The sun was brilliant and burdensome through the leaded glass as Constance approached the heavy front door, which was slightly ajar. The backlit officers appeared as darkened silhouettes. She nodded. They did not, but stood directly in front of her, blocking her way, in case her impulse to flee overwhelmed her. The taller tipped his cap, staring at her directly, then turned his head to the other expectantly.
“Mrs. Halstead?”
“Yes.”
“Mrs. Benton Halstead?”
She nodded. Whom had they expected?
The officer circled his cap nervously in his hands. “We need to speak with you, ma’am.”
“Yes. Well, here I am. In person. Speak.”

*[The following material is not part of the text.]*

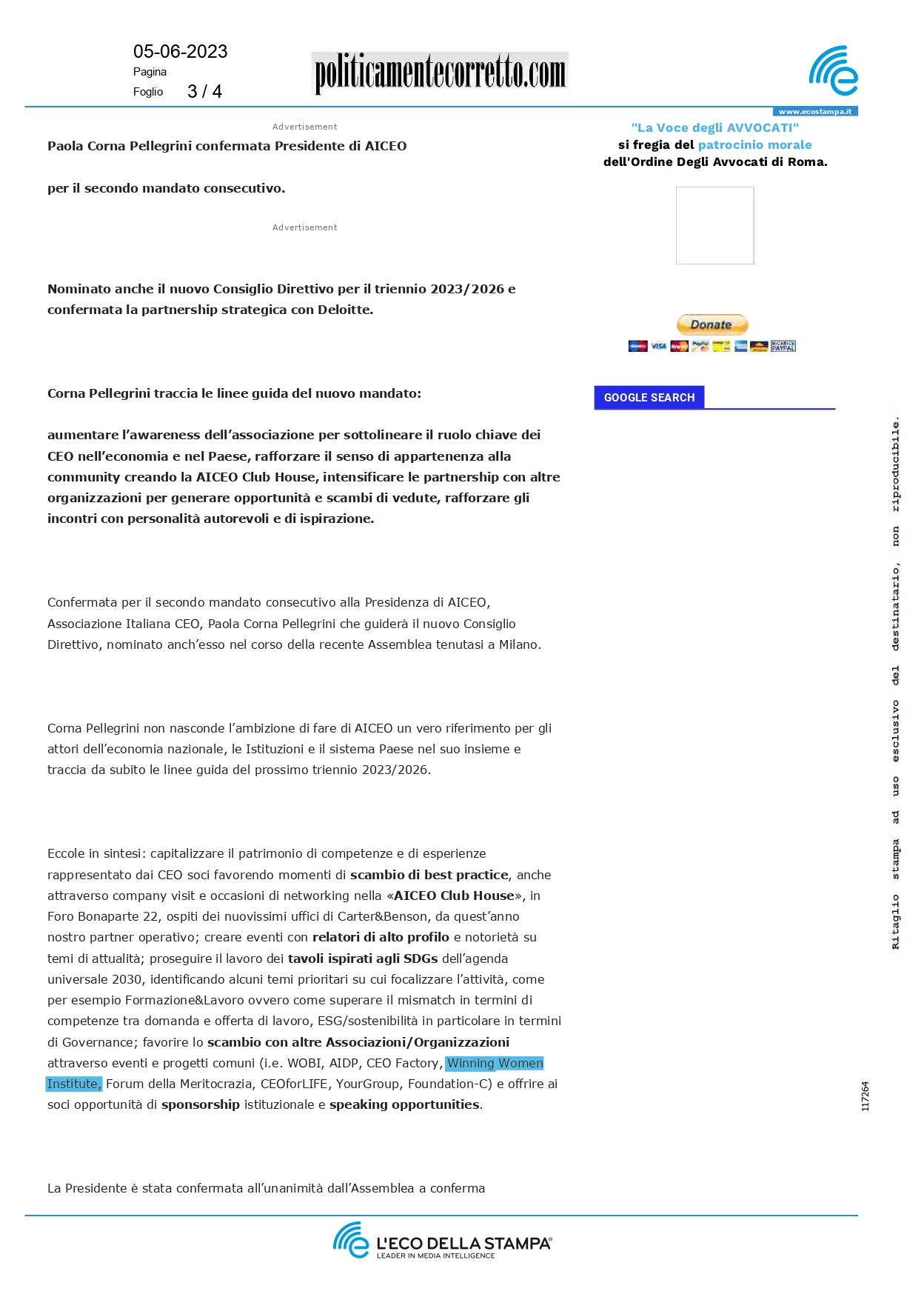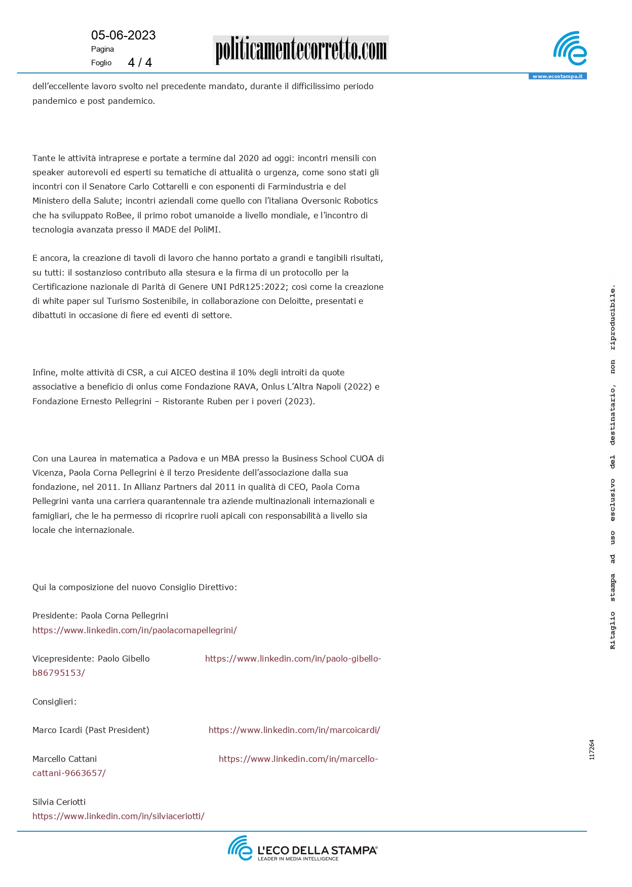 Press, HIGHLIGHT, Rassegna stampa, News, Social responsibility politicamentecorretto.com – Il ruolo chiave dei CEO per il Paese. Paola Corna PellegriniPresidente AICEO per il secondo mandato. Nominato il Direttivo e presentatoil piano 2023/2026 Pubblicato il Giugno 5, 2023Giugno 8, 2023 da useradmin 05 Giu useradmin VDJ.IT – La Four‐day workweek approda nelle aziende italiane viveretoscana.it – Montepulciano: torna il Festival dell’apprendimento continuo Maestri Fuori Classe, “Bellezza, strada maestra”

“Well, ma’am. Perhaps it may not be best to speak right here.” A hinge creaked as he pushed the door behind him shut. “You might prefer to sit down. Might we come in, please, ma’am?”
“Am I in jeopardy, then? Do you wish to arrest me for taking hand-me-downs to the orphanage? Stolen goods, perhaps?” Constance astonished herself that her wit had somehow reappeared. But she had been inappropriately flip. She glanced from one to the other in what she hoped seemed like amusement. Then sobered when their faces remained unbrokenly solemn. “Very well, then. Follow me in, please.”
Constance led them from the foyer to the salon but remained standing, in her head a lingering thought that she must remember to oil the hinges on the front door. In the drawing room, where she could see them, her awareness settled on the officers. Perspiration dampened her linen day dress. She bade the men wait a moment while she checked on her children. And tried to still her trembling. When she returned, Constance noted how the men were visually inspecting the house. Finer than they had imagined, she thought, or not as fine as they had expected?
“Now, gentlemen,” she said, “what is it you wish to speak with me about?”
“My apologies, ma’am. Sorry to have to interrupt your schedule. We find ourselves in need of your assistance,” said the shorter of the two.
“Assistance? Whatever for?”
The taller officer took the lead at last. “At the morgue, ma’am. We are in need of your assistance at the morgue, Mrs. Halstead.”
“At the morgue?” She swung her head sharply. “That is what you said? At the morgue.”
“Yes, ma’am.” The taller one was in charge again. “I’m Officer Pulgrum, and this is Officer Dean. We are here to ask you to come with us to help identify a body, ma’am.”
Constance released her hold on the back of the blue velvet chair, swiveled, then lowered herself at last into it, almost in slow motion. “A body?”
The officers had stepped in front of her as she sat. Afraid I’ll faint, she thought.
“We believe it to possibly be that of your husband, ma’am.” Officer Pulgrum’s voice was steady.
Constance sat immobile, silent, choking on her breath.
“I’m sorry, Mrs. Halstead. There is no easy way to speak of things like this.”
“No, no easy way,” Constance whispered over her erratic breath.
“It’s possible that it is not your husband. Which is why we need your help.”
Constance jerked her head up toward them, then turned from one to the other. “You have come to have me identify my husband, whom you say is dead, and then you say perhaps it is not my husband and my husband may walk in the door this minute? What in God’s name are you saying?”
The men looked at one another. Officer Dean took the lead. “A corpse was found in a body of water near the railroad trestle on a farm up near the Mississippi border. Apparently, fell from the train. There was a good bit of damage to the face and head.”